▶ **Exercise objective**
Please repeat the whole listing exactly, but leave out any picture it holds.

▶ **Raw data**
________

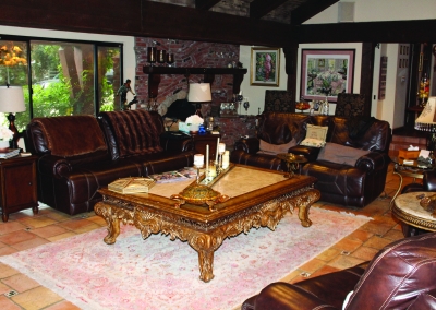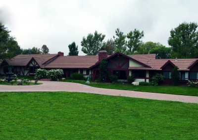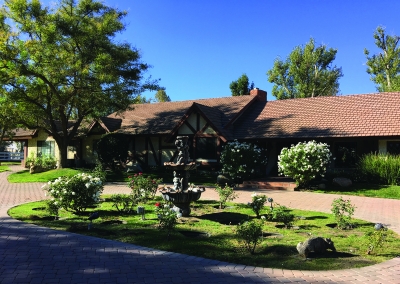 Some say, “home is not a place–it’s a feeling” and this Bill Cloyd Sr. original is sure to incite much feeling. Siting on 2.5 acres this Sand Canyon home is a picturesque estate to raise a family. With 5 bedrooms, 6.5 bathrooms any family will feel right at home with enough space for everyone. The exterior of the house has a European style complete with a barn and corral. The front consists of lush green fields accented with roses and a brick driveway.
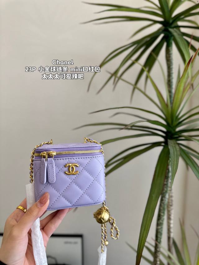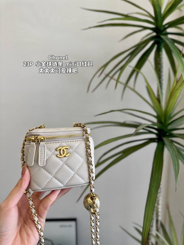 / 羊皮 配盒 Size:11*8Cm Chanel 香奈儿小香家 链条金球 Mini小盒子 23P小金球口红包 太太太可爱辣吧 没有人会拒绝chanel的爱心金球
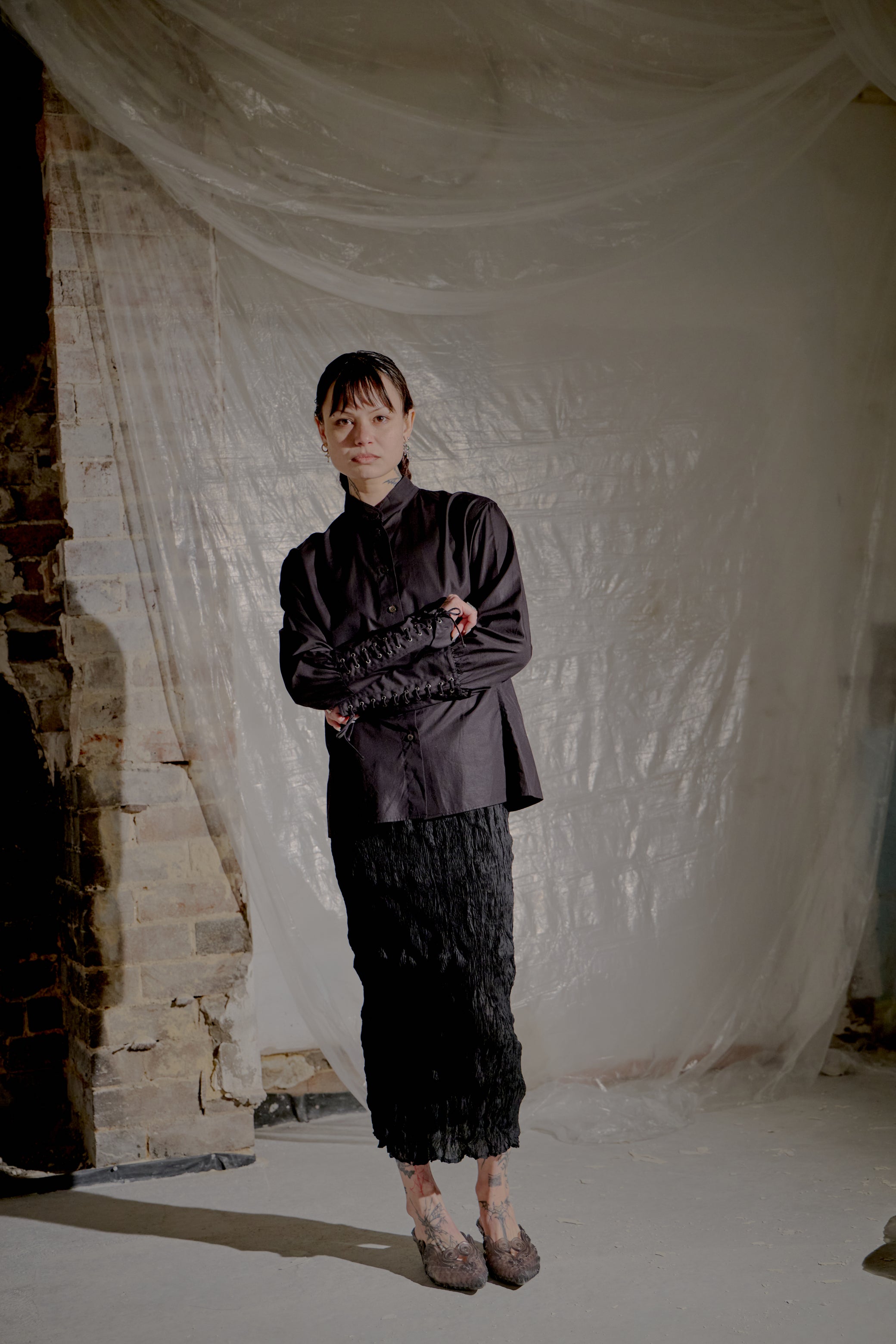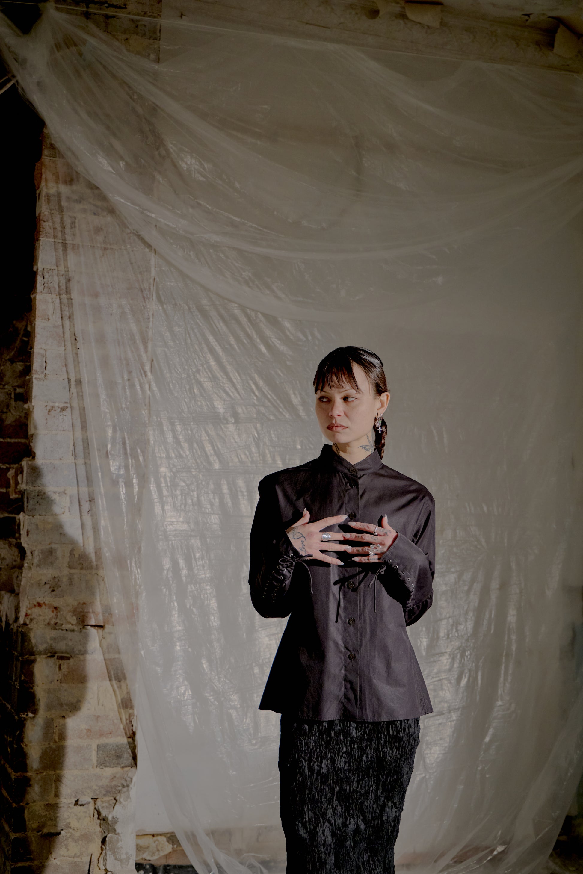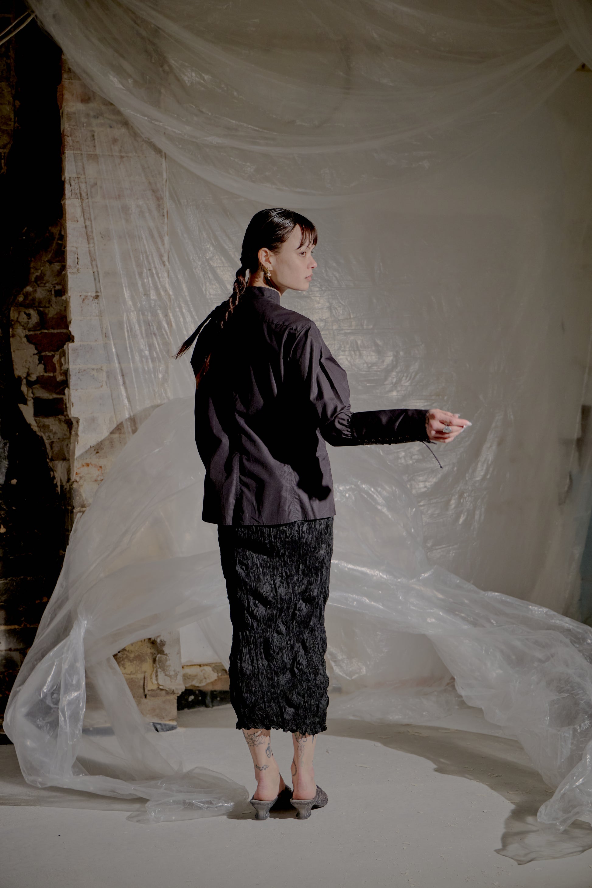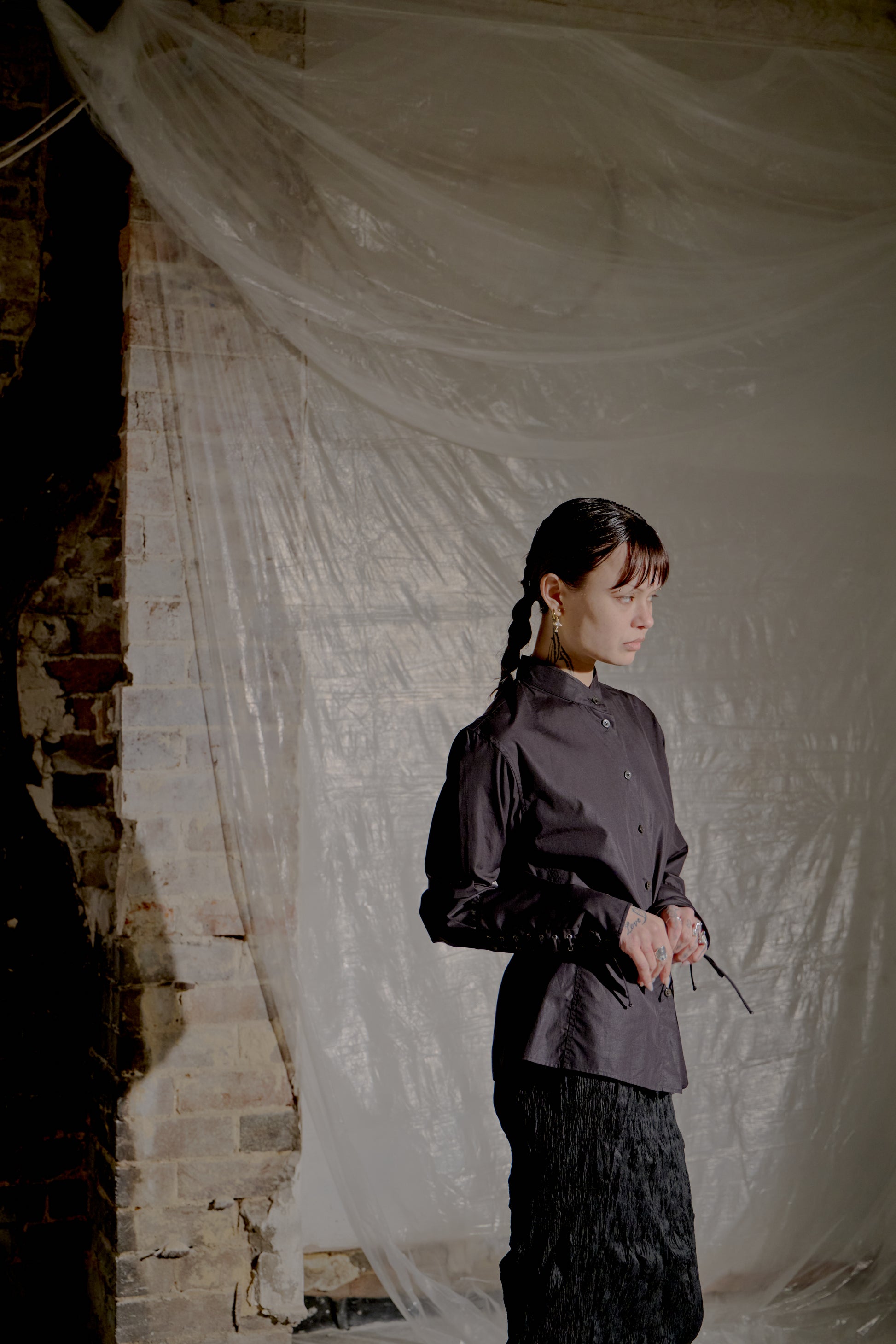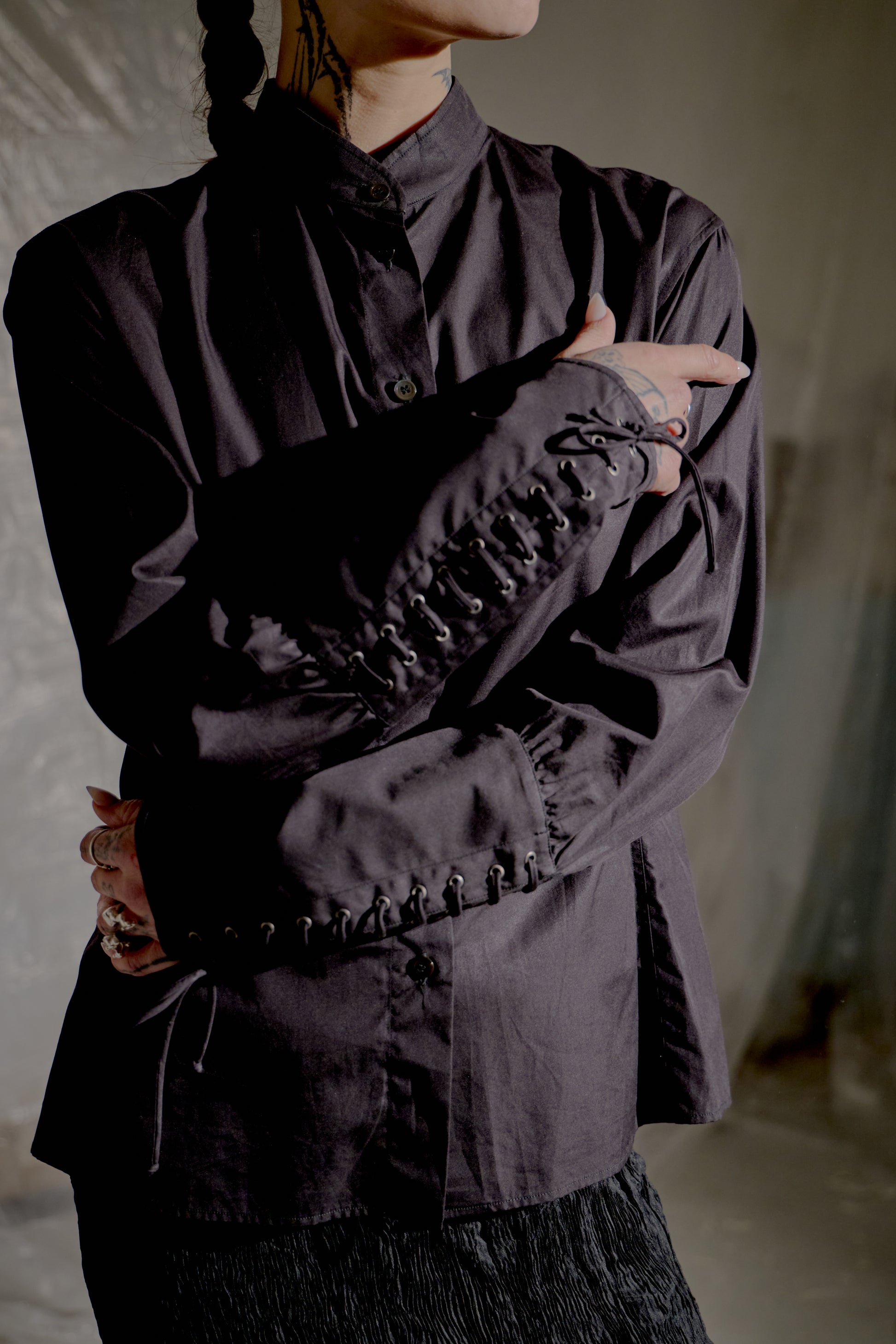A sexy and alluring shirt silhouette by Tom Ford during his tenure as creative director for Saint Laurent concluding in 2004. This Fall/Winter 2001 style features a dramatic cinched silhouette, mandarin collar, button placket closure and corset laced cuffs.
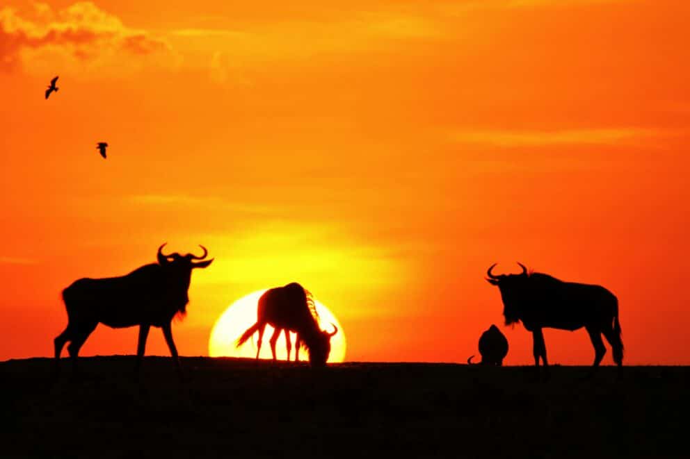 Morning Carel – The Loita herds have been on the plains right in front of camp for the past 2 days. Thousands of wildebeest grazing on the lush green grass. They seem to be happy here for now but “talk” is that they might start heading back south in a couple days. Attached a cool picture of the wildebeest in sunset. Picture taken from camp! Regards, Amy

________

▶ **Solution to the problem**
 Some say, “home is not a place–it’s a feeling” and this Bill Cloyd Sr. original is sure to incite much feeling. Siting on 2.5 acres this Sand Canyon home is a picturesque estate to raise a family. With 5 bedrooms, 6.5 bathrooms any family will feel right at home with enough space for everyone. The exterior of the house has a European style complete with a barn and corral. The front consists of lush green fields accented with roses and a brick driveway.
 / 羊皮 配盒 Size:11*8Cm Chanel 香奈儿小香家 链条金球 Mini小盒子 23P小金球口红包 太太太可爱辣吧 没有人会拒绝chanel的爱心金球
A sexy and alluring shirt silhouette by Tom Ford during his tenure as creative director for Saint Laurent concluding in 2004. This Fall/Winter 2001 style features a dramatic cinched silhouette, mandarin collar, button placket closure and corset laced cuffs.
 Morning Carel – The Loita herds have been on the plains right in front of camp for the past 2 days. Thousands of wildebeest grazing on the lush green grass. They seem to be happy here for now but “talk” is that they might start heading back south in a couple days. Attached a cool picture of the wildebeest in sunset. Picture taken from camp! Regards, Amy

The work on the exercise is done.